Just quickly on PD-L1 and then I'll turn over to our commercial colleagues, Beatrice and Giovanni, on the other 2 questions. We have multiple options that we're evaluating for PD-L1 given the effort we're putting behind PD-1. There are some interesting applications of immune modulation that this mechanism may apply to, and specifically, we're looking at some in virology right now.

Yes, regarding the pricing question about PD-1, it's clear that we will first have to understand the full benefit of the product in terms of survival in melanoma. So once we have that, and we'll be able to understand also the approach to the regimen and where the drug should be used. You had also potential biomarkers. So when we fully understand the place of PD-1 in the sequential treatment for melanoma, we'll be able to determine what would be the achievable and acceptable pricing for the marketplace. This is very early days. We are learning a lot through our current activities with pricing and reimbursement and access in the U.S., obviously, but also around the world. So we will be fully prepared once we see the result of the trials to address those questions.

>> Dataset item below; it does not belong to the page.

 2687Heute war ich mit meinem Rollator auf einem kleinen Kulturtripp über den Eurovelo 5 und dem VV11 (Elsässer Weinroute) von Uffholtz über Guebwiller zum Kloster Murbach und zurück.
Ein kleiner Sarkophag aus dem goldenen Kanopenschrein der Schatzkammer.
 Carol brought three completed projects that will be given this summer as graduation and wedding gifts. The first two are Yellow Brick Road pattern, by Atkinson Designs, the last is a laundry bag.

And on the Amylin portfolio, clearly, immediately after the closing, we will be extremely focused on a very rapid integration. There is good work ongoing in Amylin. At the beginning, we will focus on strengthening, advancing access. We think that's absolutely essential. We have a base to build on the endocrinology market and that can grow further. And clearly, as I said before, we will focus on the primary care segment and that will be an immediate focus. But obviously, increased penetration in primary care will happen over time.

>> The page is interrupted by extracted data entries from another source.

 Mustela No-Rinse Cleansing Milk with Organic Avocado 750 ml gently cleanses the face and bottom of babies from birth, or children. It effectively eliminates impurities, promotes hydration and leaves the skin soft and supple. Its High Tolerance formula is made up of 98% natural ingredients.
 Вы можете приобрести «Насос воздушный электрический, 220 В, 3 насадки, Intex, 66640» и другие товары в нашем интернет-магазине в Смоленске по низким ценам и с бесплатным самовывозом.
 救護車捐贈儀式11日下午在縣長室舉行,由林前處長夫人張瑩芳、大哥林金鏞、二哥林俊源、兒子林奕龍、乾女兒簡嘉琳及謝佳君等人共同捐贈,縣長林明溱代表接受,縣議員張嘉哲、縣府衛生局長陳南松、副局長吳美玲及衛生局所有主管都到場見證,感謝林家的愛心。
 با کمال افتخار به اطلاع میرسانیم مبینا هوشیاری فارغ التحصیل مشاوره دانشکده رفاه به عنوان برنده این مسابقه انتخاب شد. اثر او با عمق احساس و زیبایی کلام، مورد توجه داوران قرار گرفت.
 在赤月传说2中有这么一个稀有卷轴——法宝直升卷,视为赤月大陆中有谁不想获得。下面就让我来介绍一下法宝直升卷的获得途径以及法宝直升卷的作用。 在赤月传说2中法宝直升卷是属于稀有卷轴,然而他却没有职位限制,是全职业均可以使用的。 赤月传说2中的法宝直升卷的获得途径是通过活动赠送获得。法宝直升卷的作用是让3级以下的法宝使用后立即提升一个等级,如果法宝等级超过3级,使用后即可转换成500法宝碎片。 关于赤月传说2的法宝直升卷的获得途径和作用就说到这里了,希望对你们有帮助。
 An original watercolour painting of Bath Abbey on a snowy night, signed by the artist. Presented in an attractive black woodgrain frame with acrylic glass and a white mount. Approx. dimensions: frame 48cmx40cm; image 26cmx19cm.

So thank you very much, everybody. In conclusion, this was an important quarter for Bristol-Myers Squibb. We are confident that both our new and key products and our pipeline will continue to position our company for long-term growth. And coupled with our disciplined approach to business development and continuing good work on our clinical trials, we are confident that -- in our company's progress as we look at our -- to our future. So thank you, everybody, and have a good morning.

Thank you, Lamberto. Thanks, everybody, for joining the call, and Tim Power and I are here for your follow-ups. Thanks, Debbie.

Thank you. Ladies and gentlemen, thank you for your participation. This does conclude today's conference. Have a great rest of your day.